- Opening Delimiter -

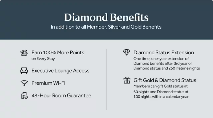 ฟรีคืนที่ 5 + สิทธิประโยชน์ของ Gold Diamond เป็นการรูปแบบที่คุ้มค่าที่สุดของเครือ Hilton ครับ
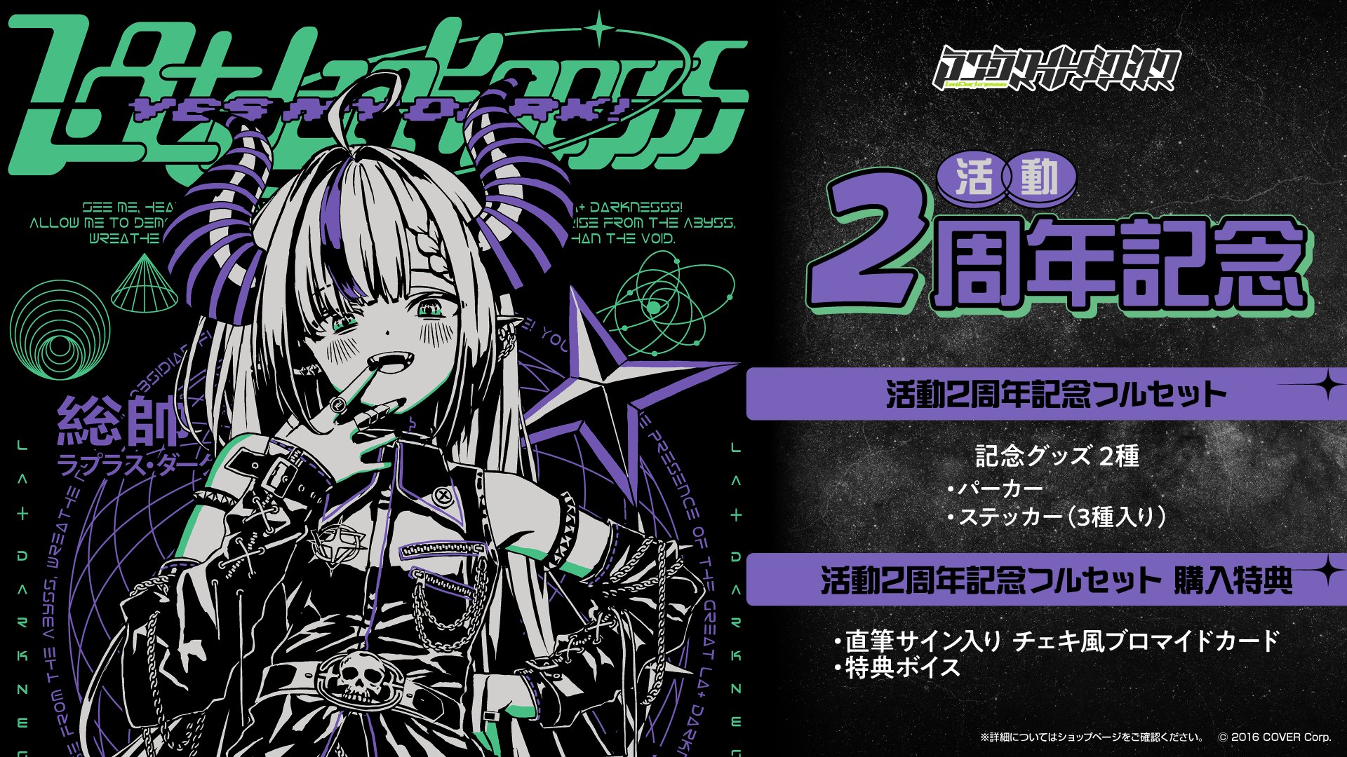 Don't miss out on La+ Darknesss's latest 2nd-anniversary merchandise! Pre-order now and celebrate this enigmatic Virtual YouTuber's journey.
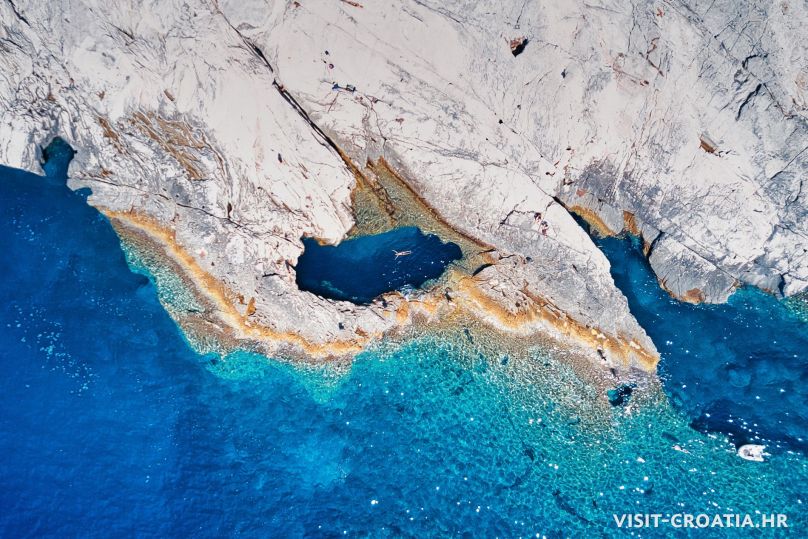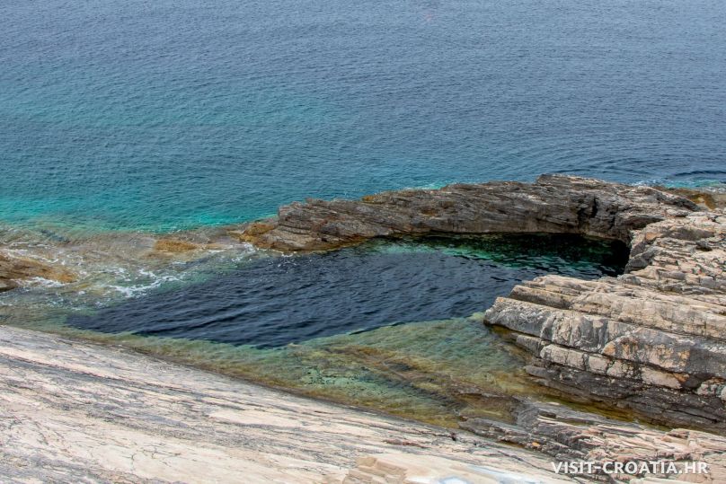 In the bay of Brbišćica on the southwestern side of Dugi otok is a natural phenomenon called Zmajevo Oko (Dragon's Eye). It was formed by the wear of the limestone rock in which it is located. Experienced swimmers and divers with enough courage can dare and dive through the underwater corridor that separates Zmajevo Oko from the sea. The whole bay of Brbišćica is an interesting geomorphological location because of traces dating to the prehistoric time that were discovered in the immediate vicinity of the bay. Namely, a dinosaur fossil was found on the steep slopes, so the bay area has been declared a protected natural landscape. The interesting sea cave Golubinka is another natural attraction that is located in the bay Brbišćica near Zmajevo Oko.
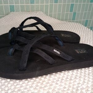 Teva Multi Strap Padded Sole Slip on Sandals Black. Size 8. Previously worn condition.
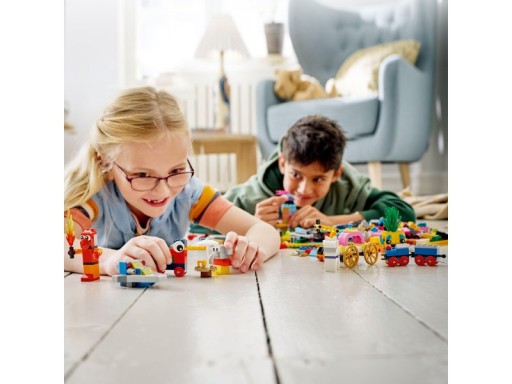 Klocki LEGO Classic 11021 - 90 lat zabawy Dzieci, dorośli i dziadkowie mogą czerpać radość podczas wielogodzinnej, nostalgicznej zabawy zestawem LEGO® Classic 90 lat zabawy (11021). Zestaw ten stanowi hołd dla kreatywnej frajdy minionych czasów — zawiera wiele różnokolorowych klocków LEGO, 15 minimodeli stanowiących repliki słynnych zestawów LEGO z poprzednich lat oraz dodatkowe klocki do swobodnego budowania.
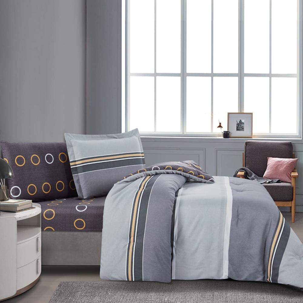 مفرش صيفي مفرد ونص 4 قطع - ليتون -رمادي - رصاصي
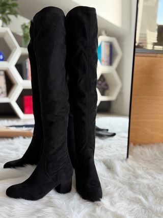 Eleganti stivali neri che arrivano sopra il ginocchio. - Materiale scamosciato. - Tacco largo e comodo.
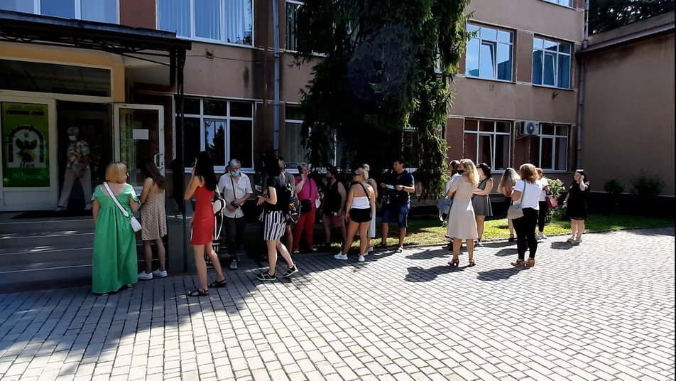 Перед навчальним закладом вишикувалася черга, приблизно з 20 людей, аби щепитися, пише Фіртка з посиланням на Суспільне.
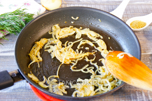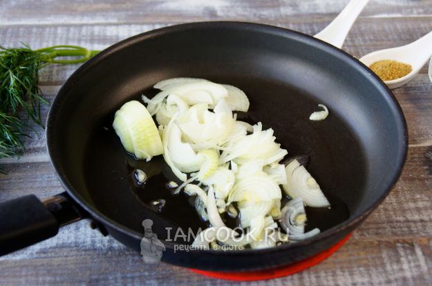 Разогрейте сковороду с растительным маслом, обжарьте лук, нарезанный полукольцами, до румяности.
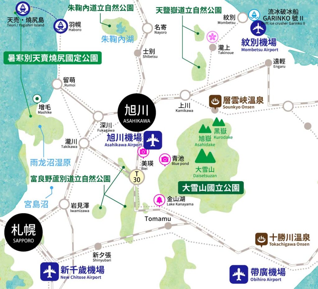 旭川站、旭川機場、旭山動物園、上野農場、就實之丘、神居古潭、上川神社、旭山公園、三六街、旭川拉麵村
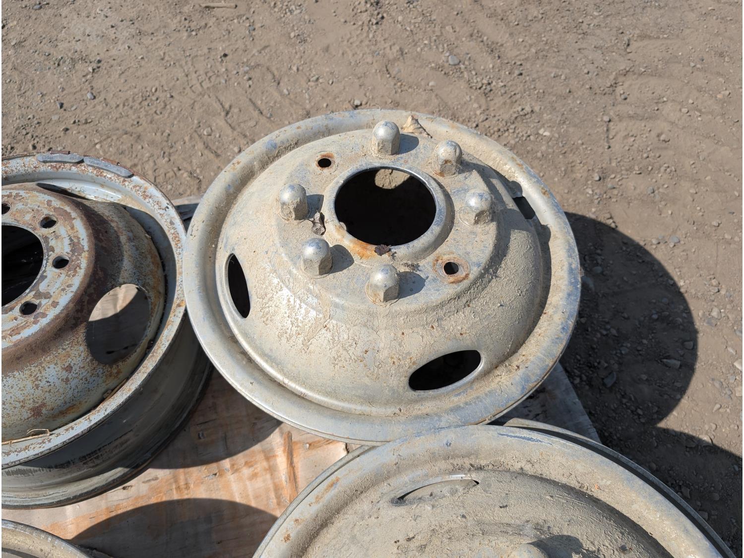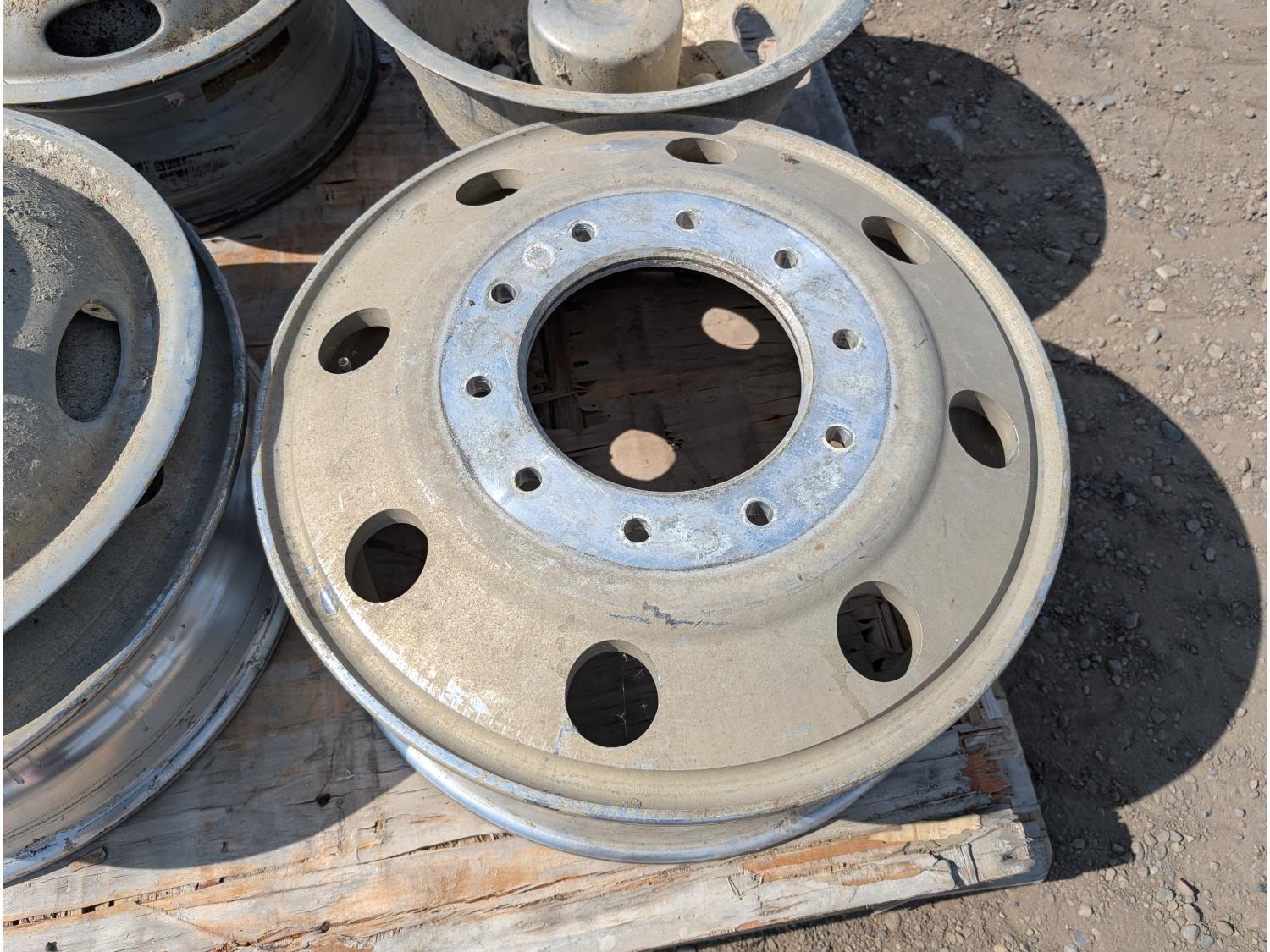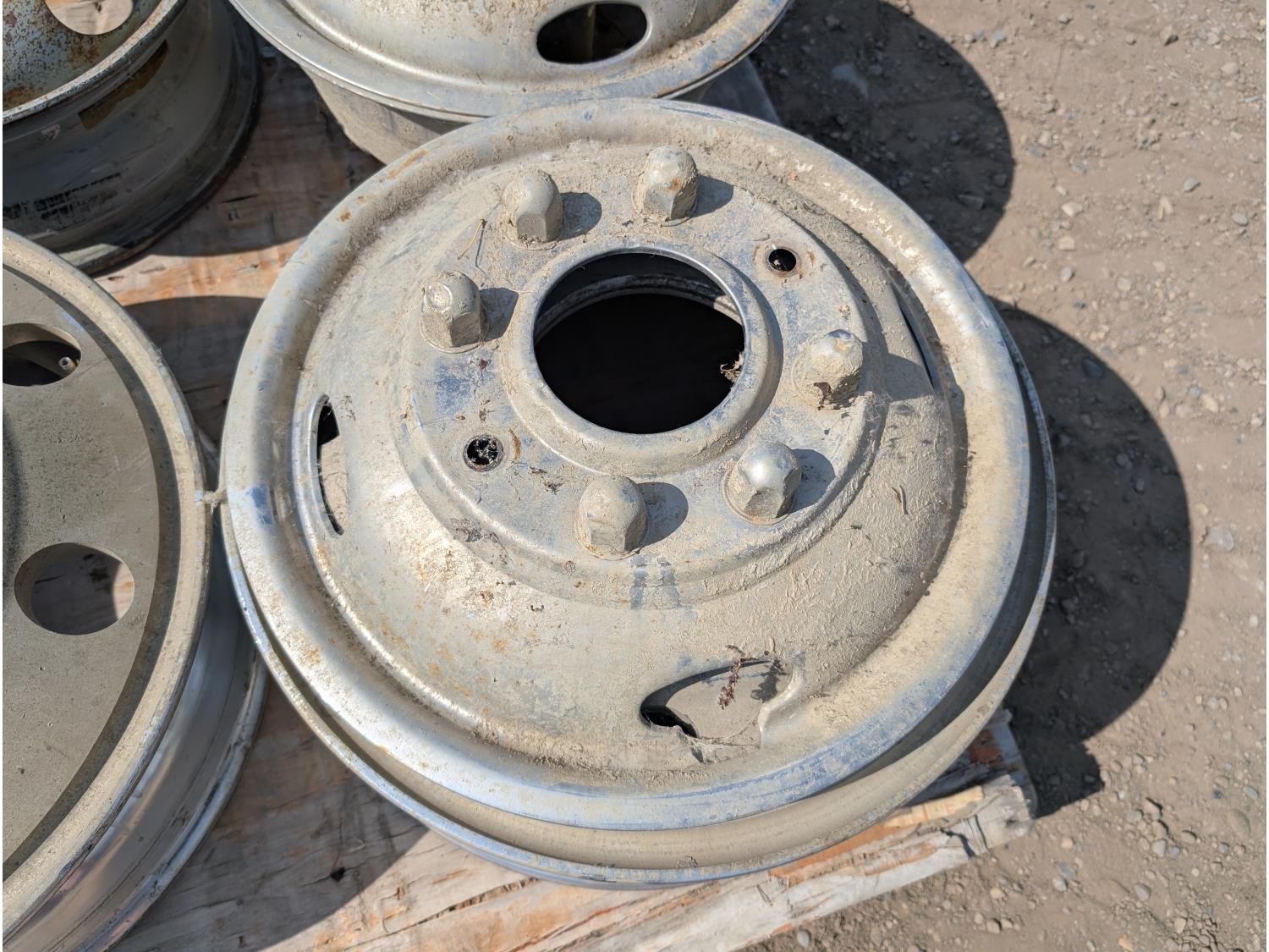 1808 (2) 19.5 X 8 Aluminum Ford Rims, (2) Hub Caps and (1) 8 Bolt Steel Rim

- Closing Delimiter -

EXERCISE DETAILS>
Your task is to copy exactly the lines from the line containing "Перед навчальним закладом" through the final line of the listing above and to omit every picture.

REPLY TO THE EXERCISE>
 Перед навчальним закладом вишикувалася черга, приблизно з 20 людей, аби щепитися, пише Фіртка з посиланням на Суспільне.
 Разогрейте сковороду с растительным маслом, обжарьте лук, нарезанный полукольцами, до румяности.
 旭川站、旭川機場、旭山動物園、上野農場、就實之丘、神居古潭、上川神社、旭山公園、三六街、旭川拉麵村
 1808 (2) 19.5 X 8 Aluminum Ford Rims, (2) Hub Caps and (1) 8 Bolt Steel Rim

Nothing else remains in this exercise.